3 GPU with 45 input sequences

submitit INFO (2023-08-15 11:06:42,430) - Starting with JobEnvironment(job_id=9907346, hostname=node99.uhnh4h.cluster, local_rank=0(1), node=0(1), global_rank=0(1))
submitit INFO (2023-08-15 11:06:42,430) - Loading pickle: /cluster/home/t122995uhn/projects/MutDTA/log_test/Test_gpu_3_15/9907346_submitted.pkl
Devices [device(type='cuda', index=0), device(type='cuda', index=1), device(type='cuda', index=2)]
Time to load: 84.35338306427002
Time to tok: 0.09466838836669922
Time to infer: 9.231343746185303
submitit INFO (2023-08-15 11:08:18,806) - Job completed successfully

1.5*3 = 4.5s
9.2-4.5 = 4.7s

4.7s worth of communication overhead

which is greater than even if we just ran it sequentially. We cant increase the batch size any further due to memory limitations so this is the best we can get with this method.

Code to replicate:

#%%
import os, random, itertools, math, pickle, json, time
import config

from tqdm import tqdm
import pandas as pd
import numpy as np

import submitit

import torch
from transformers import AutoTokenizer, EsmModel

from src.models.utils import print_device_info

device = torch.device('cuda:0' if torch.cuda.is_available() else 'cpu')
print_device_info(device)

#%% Testing esm model 
# based on https://github.com/facebookresearch/esm#main-models-you-should-use-
# I should be using ESM-MSA-1b (esm1b_t33_650M_UR50S)
# from https://github.com/facebookresearch/esm/tree/main#pre-trained-models-
# Luke used esm2_t6_8M_UR50D for his experiments

# https://huggingface.co/facebook/esm2_t33_650M_UR50D is <10GB
# https://huggingface.co/facebook/esm2_t36_3B_UR50D is 11GB
df = pd.read_csv('../data/DavisKibaDataset/davis_nomsa/processed/XY.csv', index_col=0)
prot_seqs = list(df['prot_seq'].unique())

# %%
def run_esm(prot_seqs):
    start_t = time.time()
    # this will raise a warning since lm head is missing but that is okay since we are not using it:
    device_ids = [torch.device(f'cuda:{x}') for x in range(torch.cuda.device_count())]
    print('Devices', device_ids)

    esm_tok = AutoTokenizer.from_pretrained('facebook/esm2_t6_8M_UR50D')
    esm_mdl = EsmModel.from_pretrained('facebook/esm2_t6_8M_UR50D').to(device_ids[0])
    print('Time to load:', time.time()-start_t)
    start_t = time.time()

    tok = esm_tok(prot_seqs, return_tensors='pt', padding=True)
    print('Time to tok:', time.time()-start_t)
    start_t = time.time()

    # DATA Parallel
    out = torch.nn.DataParallel(esm_mdl, device_ids=device_ids)(**tok)
    print('Time to infer:', time.time()-start_t)
    # print(out)

    return f'COMPLETED {len(prot_seqs)} seqs with {len(device_ids)} gpus'

#%%
jobs = []
batch = 15
for num_gpus in [3]:
    print(num_gpus)
    log_folder = f"log_test/Test_gpu_{num_gpus}_{batch*num_gpus}"
    executor = submitit.AutoExecutor(folder=log_folder)

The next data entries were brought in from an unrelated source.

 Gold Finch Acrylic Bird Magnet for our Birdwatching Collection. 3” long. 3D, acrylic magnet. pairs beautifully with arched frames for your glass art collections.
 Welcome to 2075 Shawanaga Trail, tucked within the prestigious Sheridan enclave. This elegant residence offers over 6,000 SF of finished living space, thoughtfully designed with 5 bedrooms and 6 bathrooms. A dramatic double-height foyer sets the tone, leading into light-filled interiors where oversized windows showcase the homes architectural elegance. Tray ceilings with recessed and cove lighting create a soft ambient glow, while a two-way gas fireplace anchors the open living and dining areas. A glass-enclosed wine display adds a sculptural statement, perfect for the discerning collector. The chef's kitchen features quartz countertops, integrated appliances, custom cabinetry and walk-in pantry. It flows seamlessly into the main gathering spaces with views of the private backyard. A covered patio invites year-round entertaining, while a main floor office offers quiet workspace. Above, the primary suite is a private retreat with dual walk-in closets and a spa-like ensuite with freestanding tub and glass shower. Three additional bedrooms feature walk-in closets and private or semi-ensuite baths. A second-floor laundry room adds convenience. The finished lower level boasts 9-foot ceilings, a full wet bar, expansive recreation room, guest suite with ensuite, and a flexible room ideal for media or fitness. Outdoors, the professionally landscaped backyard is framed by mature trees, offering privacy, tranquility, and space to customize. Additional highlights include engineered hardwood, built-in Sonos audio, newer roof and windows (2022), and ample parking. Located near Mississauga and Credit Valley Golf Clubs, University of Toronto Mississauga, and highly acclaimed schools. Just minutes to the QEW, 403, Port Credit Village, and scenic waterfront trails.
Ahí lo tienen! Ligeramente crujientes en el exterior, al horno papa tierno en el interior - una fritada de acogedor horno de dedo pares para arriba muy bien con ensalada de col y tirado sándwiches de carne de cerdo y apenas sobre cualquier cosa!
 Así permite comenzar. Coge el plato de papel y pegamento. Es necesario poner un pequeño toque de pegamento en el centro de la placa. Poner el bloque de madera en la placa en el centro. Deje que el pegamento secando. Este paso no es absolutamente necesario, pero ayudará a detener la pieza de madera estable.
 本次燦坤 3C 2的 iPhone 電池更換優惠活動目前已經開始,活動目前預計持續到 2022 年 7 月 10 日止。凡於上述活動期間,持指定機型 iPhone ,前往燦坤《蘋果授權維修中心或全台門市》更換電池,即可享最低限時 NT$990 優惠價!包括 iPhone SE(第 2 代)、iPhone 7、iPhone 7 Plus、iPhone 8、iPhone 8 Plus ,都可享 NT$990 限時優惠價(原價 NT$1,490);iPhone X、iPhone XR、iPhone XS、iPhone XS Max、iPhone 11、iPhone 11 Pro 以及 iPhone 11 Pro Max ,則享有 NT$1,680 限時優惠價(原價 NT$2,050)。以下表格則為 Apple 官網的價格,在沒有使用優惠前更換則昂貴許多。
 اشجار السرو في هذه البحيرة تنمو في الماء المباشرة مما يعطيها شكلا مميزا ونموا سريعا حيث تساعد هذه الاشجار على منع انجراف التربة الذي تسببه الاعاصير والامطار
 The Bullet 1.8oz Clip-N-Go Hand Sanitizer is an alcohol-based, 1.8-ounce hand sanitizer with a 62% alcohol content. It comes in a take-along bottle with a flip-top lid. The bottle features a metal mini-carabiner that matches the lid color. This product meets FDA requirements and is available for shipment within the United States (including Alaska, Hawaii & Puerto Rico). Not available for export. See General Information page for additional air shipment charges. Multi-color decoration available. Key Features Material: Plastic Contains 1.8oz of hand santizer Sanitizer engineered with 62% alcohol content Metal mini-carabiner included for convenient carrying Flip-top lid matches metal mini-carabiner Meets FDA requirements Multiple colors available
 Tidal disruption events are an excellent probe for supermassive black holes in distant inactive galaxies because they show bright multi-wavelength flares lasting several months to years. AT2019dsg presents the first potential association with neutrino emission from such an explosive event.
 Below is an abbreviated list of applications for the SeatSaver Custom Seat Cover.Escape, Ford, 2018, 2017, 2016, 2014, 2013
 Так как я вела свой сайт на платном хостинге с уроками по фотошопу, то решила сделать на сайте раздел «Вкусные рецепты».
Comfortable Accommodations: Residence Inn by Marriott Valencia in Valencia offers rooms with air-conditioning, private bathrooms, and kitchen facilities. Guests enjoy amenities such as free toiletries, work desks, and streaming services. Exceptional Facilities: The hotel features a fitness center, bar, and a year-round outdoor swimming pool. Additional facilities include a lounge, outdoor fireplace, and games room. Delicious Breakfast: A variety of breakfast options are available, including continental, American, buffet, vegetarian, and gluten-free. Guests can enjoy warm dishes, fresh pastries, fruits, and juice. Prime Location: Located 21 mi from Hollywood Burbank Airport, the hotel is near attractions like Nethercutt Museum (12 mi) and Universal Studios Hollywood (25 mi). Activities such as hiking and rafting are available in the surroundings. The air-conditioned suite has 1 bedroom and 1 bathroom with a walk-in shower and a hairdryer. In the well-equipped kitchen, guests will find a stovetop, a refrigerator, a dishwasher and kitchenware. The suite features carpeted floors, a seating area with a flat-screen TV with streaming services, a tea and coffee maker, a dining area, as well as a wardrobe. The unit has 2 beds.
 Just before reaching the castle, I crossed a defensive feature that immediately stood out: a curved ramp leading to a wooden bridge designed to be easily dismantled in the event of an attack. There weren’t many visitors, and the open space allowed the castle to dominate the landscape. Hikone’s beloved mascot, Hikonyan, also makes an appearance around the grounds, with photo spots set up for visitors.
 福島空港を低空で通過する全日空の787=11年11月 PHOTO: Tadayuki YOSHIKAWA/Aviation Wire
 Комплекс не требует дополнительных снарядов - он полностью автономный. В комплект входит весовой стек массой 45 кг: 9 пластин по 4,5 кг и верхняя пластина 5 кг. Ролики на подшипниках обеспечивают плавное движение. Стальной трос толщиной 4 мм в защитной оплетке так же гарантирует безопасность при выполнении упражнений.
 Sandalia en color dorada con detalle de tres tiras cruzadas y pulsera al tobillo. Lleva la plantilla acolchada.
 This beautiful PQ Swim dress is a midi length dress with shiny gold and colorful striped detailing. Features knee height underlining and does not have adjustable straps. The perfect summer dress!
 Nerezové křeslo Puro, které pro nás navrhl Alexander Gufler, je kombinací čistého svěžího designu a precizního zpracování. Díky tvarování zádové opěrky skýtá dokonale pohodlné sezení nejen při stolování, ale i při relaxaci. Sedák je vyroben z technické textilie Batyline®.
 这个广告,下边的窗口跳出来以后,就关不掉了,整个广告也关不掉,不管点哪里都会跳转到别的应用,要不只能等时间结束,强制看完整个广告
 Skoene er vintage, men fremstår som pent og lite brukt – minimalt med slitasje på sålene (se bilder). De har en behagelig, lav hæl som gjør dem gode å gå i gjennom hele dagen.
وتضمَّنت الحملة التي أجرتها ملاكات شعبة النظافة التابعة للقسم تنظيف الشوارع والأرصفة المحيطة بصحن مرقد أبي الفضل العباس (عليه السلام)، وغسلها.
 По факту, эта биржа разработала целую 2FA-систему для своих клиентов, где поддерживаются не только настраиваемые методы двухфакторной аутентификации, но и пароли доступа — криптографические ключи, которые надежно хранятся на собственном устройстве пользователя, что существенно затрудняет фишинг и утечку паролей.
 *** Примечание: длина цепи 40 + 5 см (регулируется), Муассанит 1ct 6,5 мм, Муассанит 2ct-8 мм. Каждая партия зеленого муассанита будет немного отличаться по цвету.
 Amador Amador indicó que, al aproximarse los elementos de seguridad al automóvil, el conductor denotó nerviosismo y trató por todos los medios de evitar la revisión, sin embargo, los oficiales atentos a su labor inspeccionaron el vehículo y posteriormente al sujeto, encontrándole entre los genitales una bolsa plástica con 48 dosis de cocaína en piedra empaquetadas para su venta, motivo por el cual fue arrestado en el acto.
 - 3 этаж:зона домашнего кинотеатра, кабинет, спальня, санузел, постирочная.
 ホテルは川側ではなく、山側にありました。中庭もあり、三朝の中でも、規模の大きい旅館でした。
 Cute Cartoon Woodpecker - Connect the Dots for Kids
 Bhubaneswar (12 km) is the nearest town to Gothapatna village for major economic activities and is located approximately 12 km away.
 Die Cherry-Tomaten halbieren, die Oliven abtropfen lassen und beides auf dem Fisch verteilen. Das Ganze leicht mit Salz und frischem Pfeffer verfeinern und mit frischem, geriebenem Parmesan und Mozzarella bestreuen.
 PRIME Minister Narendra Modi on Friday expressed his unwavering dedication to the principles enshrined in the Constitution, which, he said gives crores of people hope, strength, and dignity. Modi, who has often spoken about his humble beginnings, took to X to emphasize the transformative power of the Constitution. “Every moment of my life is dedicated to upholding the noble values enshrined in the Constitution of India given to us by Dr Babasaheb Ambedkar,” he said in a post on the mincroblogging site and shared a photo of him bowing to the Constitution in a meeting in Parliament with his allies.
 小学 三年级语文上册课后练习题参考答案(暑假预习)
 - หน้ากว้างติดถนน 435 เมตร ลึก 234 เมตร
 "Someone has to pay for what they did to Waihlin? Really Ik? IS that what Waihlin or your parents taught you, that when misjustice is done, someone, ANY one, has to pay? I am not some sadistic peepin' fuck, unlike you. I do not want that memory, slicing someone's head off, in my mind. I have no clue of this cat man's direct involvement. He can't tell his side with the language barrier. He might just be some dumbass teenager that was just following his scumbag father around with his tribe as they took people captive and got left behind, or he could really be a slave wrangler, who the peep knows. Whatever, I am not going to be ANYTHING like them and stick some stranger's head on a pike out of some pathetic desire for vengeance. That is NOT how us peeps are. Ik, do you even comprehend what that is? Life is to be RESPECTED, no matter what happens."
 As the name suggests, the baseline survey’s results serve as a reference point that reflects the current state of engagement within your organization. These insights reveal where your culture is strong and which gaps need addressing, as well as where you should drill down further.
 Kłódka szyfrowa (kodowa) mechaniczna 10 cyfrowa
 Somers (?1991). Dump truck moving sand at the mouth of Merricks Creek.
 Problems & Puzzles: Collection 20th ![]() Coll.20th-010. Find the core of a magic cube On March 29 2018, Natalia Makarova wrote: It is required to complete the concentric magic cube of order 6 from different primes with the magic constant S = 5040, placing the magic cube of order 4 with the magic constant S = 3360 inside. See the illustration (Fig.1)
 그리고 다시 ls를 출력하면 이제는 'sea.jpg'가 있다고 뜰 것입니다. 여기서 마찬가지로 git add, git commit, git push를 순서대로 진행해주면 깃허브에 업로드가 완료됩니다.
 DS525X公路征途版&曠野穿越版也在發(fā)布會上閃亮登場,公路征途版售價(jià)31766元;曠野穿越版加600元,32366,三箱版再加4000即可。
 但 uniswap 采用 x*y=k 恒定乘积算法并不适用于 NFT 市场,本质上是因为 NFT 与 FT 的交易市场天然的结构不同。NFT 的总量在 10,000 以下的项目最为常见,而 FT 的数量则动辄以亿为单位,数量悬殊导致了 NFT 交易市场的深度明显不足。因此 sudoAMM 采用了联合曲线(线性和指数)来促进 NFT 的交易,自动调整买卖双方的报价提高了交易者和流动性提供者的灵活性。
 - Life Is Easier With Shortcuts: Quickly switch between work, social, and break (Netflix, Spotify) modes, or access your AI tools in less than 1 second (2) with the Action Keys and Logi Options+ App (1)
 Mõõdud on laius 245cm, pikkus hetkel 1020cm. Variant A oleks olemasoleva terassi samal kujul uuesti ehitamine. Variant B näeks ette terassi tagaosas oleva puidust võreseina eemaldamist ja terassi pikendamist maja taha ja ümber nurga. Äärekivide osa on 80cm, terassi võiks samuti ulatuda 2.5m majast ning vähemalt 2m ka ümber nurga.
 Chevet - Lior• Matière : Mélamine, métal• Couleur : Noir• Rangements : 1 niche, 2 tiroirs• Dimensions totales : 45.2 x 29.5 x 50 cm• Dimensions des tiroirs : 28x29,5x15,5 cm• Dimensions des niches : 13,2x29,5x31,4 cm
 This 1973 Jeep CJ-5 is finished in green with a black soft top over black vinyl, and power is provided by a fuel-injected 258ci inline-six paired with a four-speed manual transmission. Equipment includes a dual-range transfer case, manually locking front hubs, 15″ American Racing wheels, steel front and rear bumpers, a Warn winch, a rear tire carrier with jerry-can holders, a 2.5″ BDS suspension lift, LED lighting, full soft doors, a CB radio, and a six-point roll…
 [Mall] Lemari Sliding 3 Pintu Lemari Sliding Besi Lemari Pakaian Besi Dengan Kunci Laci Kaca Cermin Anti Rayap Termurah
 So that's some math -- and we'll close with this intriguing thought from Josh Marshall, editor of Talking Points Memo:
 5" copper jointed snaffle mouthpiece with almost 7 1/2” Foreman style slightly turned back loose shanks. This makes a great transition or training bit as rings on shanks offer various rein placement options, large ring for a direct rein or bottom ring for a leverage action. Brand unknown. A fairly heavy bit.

    executor.update_parameters(timeout_min=30, 
                            slurm_partition="gpu",
                            slurm_account='kumargroup_gpu',
                            slurm_mem='15G',
                            slurm_gres=f'gpu:v100:{num_gpus}',
                            slurm_constraint='gpu32g',
                            slurm_job_name=f'Test_gpu_{num_gpus}')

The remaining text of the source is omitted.